Нестерпимыми стали ночи, когда внезапно просыпалась, с ужасом вспоминала все, что с нею случилось, бегала-бегала по темной, безмерно просторной императорской спальне, плакала-плакала. Императрица поднялась выше всех и стала самой одинокой из всех. Спала подобно святому Якову, что положил себе под голову камень, и приснилась ему лестница, поставленная на землю, а верх ее достигал самого неба. Символ представлений людских о мире: восхождение снизу вверх, разделение на высоту и низину, кто поднялся, тот уж не должен опускаться, грязь внизу, наверху же свет, чистота, благородство.
А она чем выше поднималась, тем в большую грязь попадала. Жила среди одиночества, среди пересудов, подглядываний украдкой, грязных намеков шепотком. Жила бессильная что-либо сделать, чем-либо помочь себе.
Для всех людей любовь – это освобожденье, радость, восторги наивысшие, для нее же любовь обернулась проклятием. Люди, которые любили ее, всегда приносили ей страдания. Отец, мать, брат, да и Журина, как ни добра. Заставила душу узнать про чеберяйчиков, которых не дано никому и никогда видеть. Верно, есть в свете воля злых сил. Откуда? И над каждым ли простирается? И почему? И можно ли спастись? И можно ли хоть надеяться на избавление? Уклониться, упраздниться, спрятаться, дать передышку измученной жертве?
Воля злых сил простирается угрозою над всеми и всегда, но повисает, словно туча, лишь над иными несчастными. Когда-то она считала, что стоит уехать подальше – и убежишь от злой силы и от собственного несчастья. Чем дальше ехала, тем крепче запутывалась в сетях несчастья. Воля злых сил…
Почему сосредоточилась на ней? Расплата за красоту? За происхождение высокое… иль за низкое? Отмщение за мать, которая пренебрегла родом своим и преисполнилась княжьим высокомерием, а такое не проходит безнаказанно ни для кого. Над нею злая воля тяготела от самого рождения, теперь Евпраксия в этом была убеждена.
Придворные дамы перешептывались: чего еще ей нужно? На пышных приемах сидела на двойном троне, рядом с императором, несла на золотистых своих волосах золотую имперскую корону, перед ней падали на колени, целовали руку достойнейшие мужи, за нее пили на пирах, за нее молились в соборах.
Чего ей нужно?
Никто не видел того, что не дано видеть. Жизнь повседневная разделена ведь на видимую и скрытую. Никто не видел ее одиночества, от которого можно одичать, отчаяния, что могло довести до безумия. Рядом с ней была только Журина; вместе и плакали тайком, чтоб никто не заметил и не услышал, хотя, кажется, кто бы услышал: император неожиданно оглох.

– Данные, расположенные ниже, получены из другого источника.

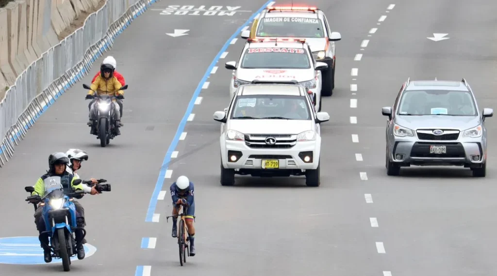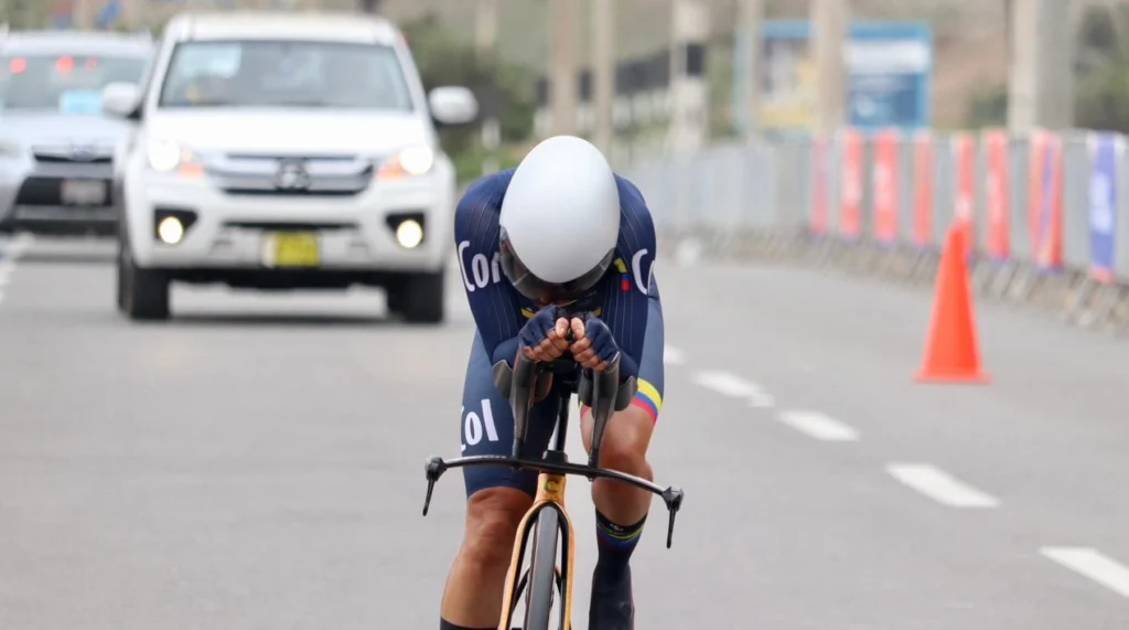 La jornada empezó con el dominio en el ciclismo ruta. En las contrarrelol individual de ambas ramas, se entonó el himno nacional. Diana Peñuela lo hizo en la prueba femenina (29:49,56, 22.1 km), mientras Walter Vargas se impuso en la masculina con un tiempo de 51:25,09, en 44.2 km de recorrido.

Приступы глухоты начались у Генриха еще давно, после трехдневного стояния на морозе в Каноссе, приходили и позже, всегда в пору наступленья дождей, холода и пронзающей сырости. Генриху легко было скрывать глухоту, потому что – император, ему надлежало повелевать, приказывать, кого ему-то слушать? Император обязан так или иначе быть отделенным от "нижнего" мира, он наверху, ему нужен покой для размышлений, для высших решений, и пусть о него, как о подножие высокой горы, бьются тысячи людей с их мелкими хлопотами, суетой, никчемностью, он же остается пребывающим в гордом одиночестве, один на один с облаками.
Только Заубуш знал о глухоте императора, как и обо всем остальном у императора, знал, но умело избегал в дни приступов глухоты всяких разговоров с ним, – лишь слушал и хлопал ресницами в знак понимания и покорности. Евпраксия о глухоте императора не знала, потому и начались у нее беседы с Генрихом столь странные, что она уверялась, будто сходит неминуемо с ума.
Она: Неужели во всей вашей империи льет такой нудный дождь?
Он: Положение императрицы обязывает.
Она: Я не люблю воды. В мокрядь человек всегда слишком остро ощущает свое одиночество.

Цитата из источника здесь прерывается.